- Born: August 29, 1951 (age 75) Louisville, Kentucky, U.S.
- Education: University of Pennsylvania Harvard University
- Known for: Social network analysis Mathematical sociology Network science Multidimensional network
- Awards: J. Parker Bursk Memorial Award in 1973
- Scientific career
- Fields: Statistics
- Workplaces: Indiana University Rudy Professor of Statistics, Psychology, and Sociology National Research University – Higher School of Economics Academic Supervisor
- Doctoral advisor: Frederick Mosteller

= Stanley Wasserman =

American sociologist (born 1951)

Stanley Wasserman (born August 29, 1951) is an American statistician and prior to retirement was the Rudy Professor of Statistics, Psychology, and Sociology at Indiana University Bloomington and the Academic Supervisor of the International laboratory for Applied Network Research at Moscow's National Research University – Higher School of Economics (since 2014). He is known for his work on social network analysis, mathematical sociology, network science and multidimensional networks. In 2017 Wasserman launched the Master's program 'Applied statistics with Network Analysis' at National Research University – Higher School of Economics.

==Biography==
Born in Louisville, Kentucky, Wasserman obtained his BSc in economics from the University of Pennsylvania in 1973, as well as his MA in Business & Applied Economics. He then moved to Harvard University, where he obtained his MA in Statistics in 1974, and his PhD in Statistics in 1977 with the thesis, entitled "Stochastic Models for Directed Graphs" under supervision of Frederick Mosteller.

Wasserman started his career in 1974 at the National Bureau of Economics Research as Research Assistant and System Consultant in Statistics. After a year as an instructor at Harvard University, and as a Visiting Instructor at Carnegie-Mellon University, he started in 1977 as assistant professor at the University of Minnesota. In 1982 he moved to the University of Illinois at Urbana–Champaign, where he was appointed associate professor and in 1988 Professor of Psychology, Statistics, and Sociology. Beginning in 2004 he served as the James H. Rudy Professor of Statistics, Psychology, and Sociology at Indiana University in Bloomington.

Wasserman was awarded the J. Parker Bursk Memorial Award in 1973 while at the University of Pennsylvania. He was elected Fellow of the American Statistical Association in 1991, and Fellow of the American Association for the Advancement of Science in 1996.

==Work==

===Social network analysis===
In their 1994 "Advances in social network analysis," Wasserman and Joseph Galaskiewicz address:
... the issue of how effectively to apply the latest developments in social network analysis to behavioural and social science disciplines. Topics examined include: ways to specify the network contents to be studied; how to select the method for representing network structures; how social network analysis has been used to study interorganizational relations via the resource dependence model; how to use a contact matrix for studying the spread of disease in epidemiology; and how cohesion and structural equivalence network theories relate to studying social influence.

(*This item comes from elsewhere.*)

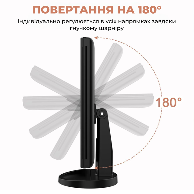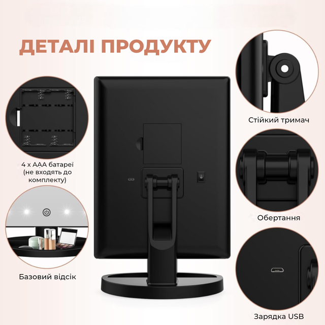 22 світлодіоди забезпечують рівномірне освітлення обличчя з усіх боків у будь-який час доби, що дозволить вам рівномірно нанести косметику, не допускаючи помилок.

The book also offers some statistical models for social support networks.

==Books==
- Wasserman, Stanley, and Faust, Katherine, Social Network Analysis: Methods and Applications (Structural Analysis in the Social Sciences), (First Edition 1994) Cambridge University Press, Cambridge, UK, West 20th St., New York, USA, Melbourne, Madrid, ISBN 978-0521387071
- Wasserman, Stanley, & Galaskiewicz, J.(eds). Advances in Social Network Analysis: Research from the Social and Behavioral Sciences. Newbury Park, CA: Sage Publications.
- Carrington, P., Scott, J., & Wasserman, S. (eds). Models and Methods in Social Network Analysis. New York: Cambridge University Press.